In practice, parents are ususally required to file a Notice of Intent to home school a child that explicitly states that school officials take no position as to whether the instruction being provided to the child actually meets the statutory requirements.  Practice varies from one school district to another on the subject of whether parents are required to appear before a school official for an annual “portfolio review” to show that instruction has been provided in the required subjects.  Can this portfolio review by required?  The answer depends on the person to whom the question is addresed.

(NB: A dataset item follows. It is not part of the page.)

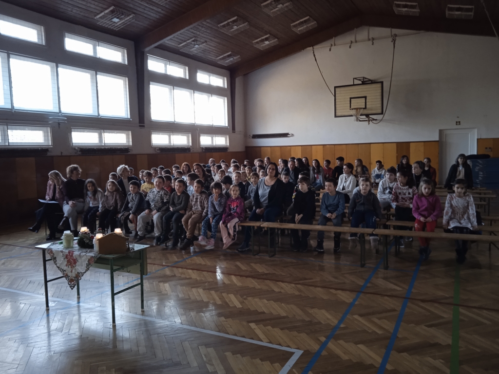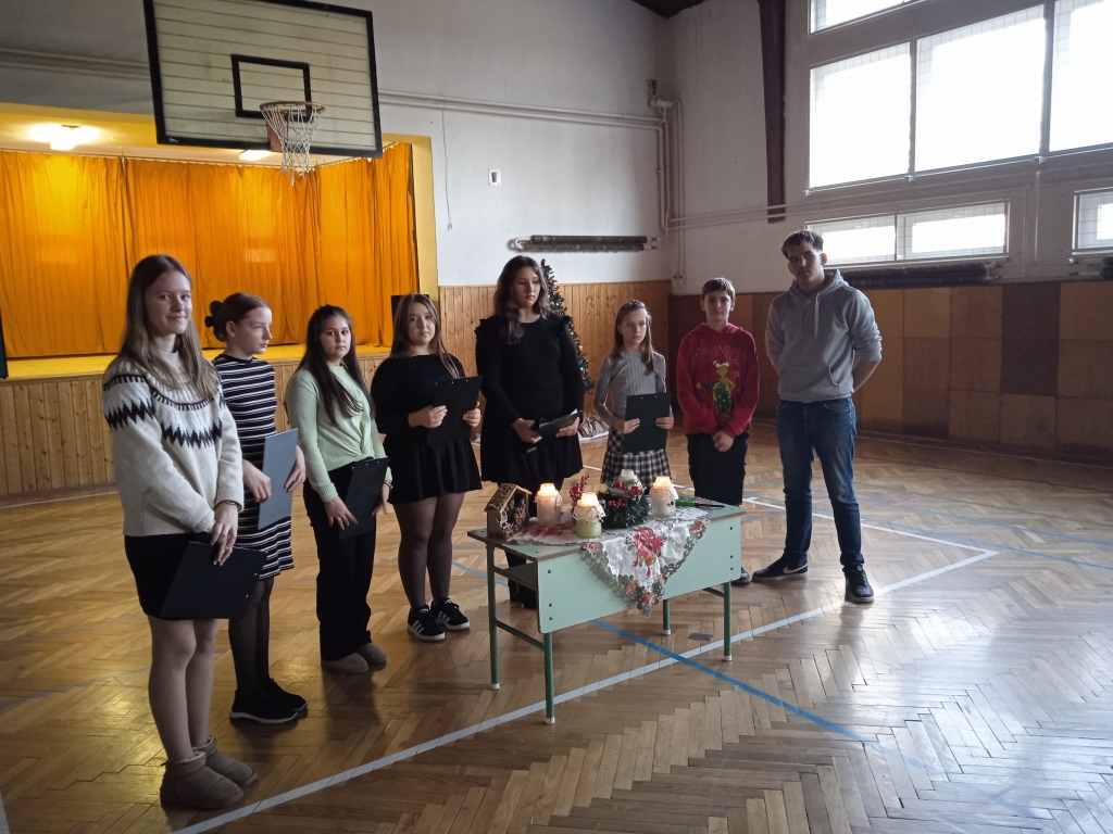 A 2025-ös év utolsó tanítási napján tartottuk karácsonyi ünnepünket. Meggyújtottuk a 4. gyertyát, a felső tagozatos tanulók versei után a társastánc csoport tagjainak vidám produkciója következett. Közös énekléssel zártuk műsorunkat.

Advocates of home-schooling will say that parents have an absolute right to home school their children in any way they choose, and that the state should not exercise its power to oversee or interfere with this instruction in any way.  However, the policy adopted by the Connecticut State Department of Education in 1994 by way of Circular Letter C-14 states that school districts may mandate both the filing of the Notice of Intent to Home School, as well as the annual portfolio review.  Presumably, if the parent either fails to comply with the portfolio review or the review proves to be inadequate, the school district would have reason to believe that the child may not be elsewhere receiving equivalent instruction, and this would be grounds for filing of a truancy referral.  In the absence of any subsequent guidance from the SDE, we presume that this circular letter continues to represent the agency’s position on this issue.  Sample board policies issued by the Connecticut Association of Boards of Education, however, appear to suggest that the annual portfolio review cannot be made mandatory and that the only step required of parents should be to file the Notice of Intent to Home School.

Where does your district stand on this issue?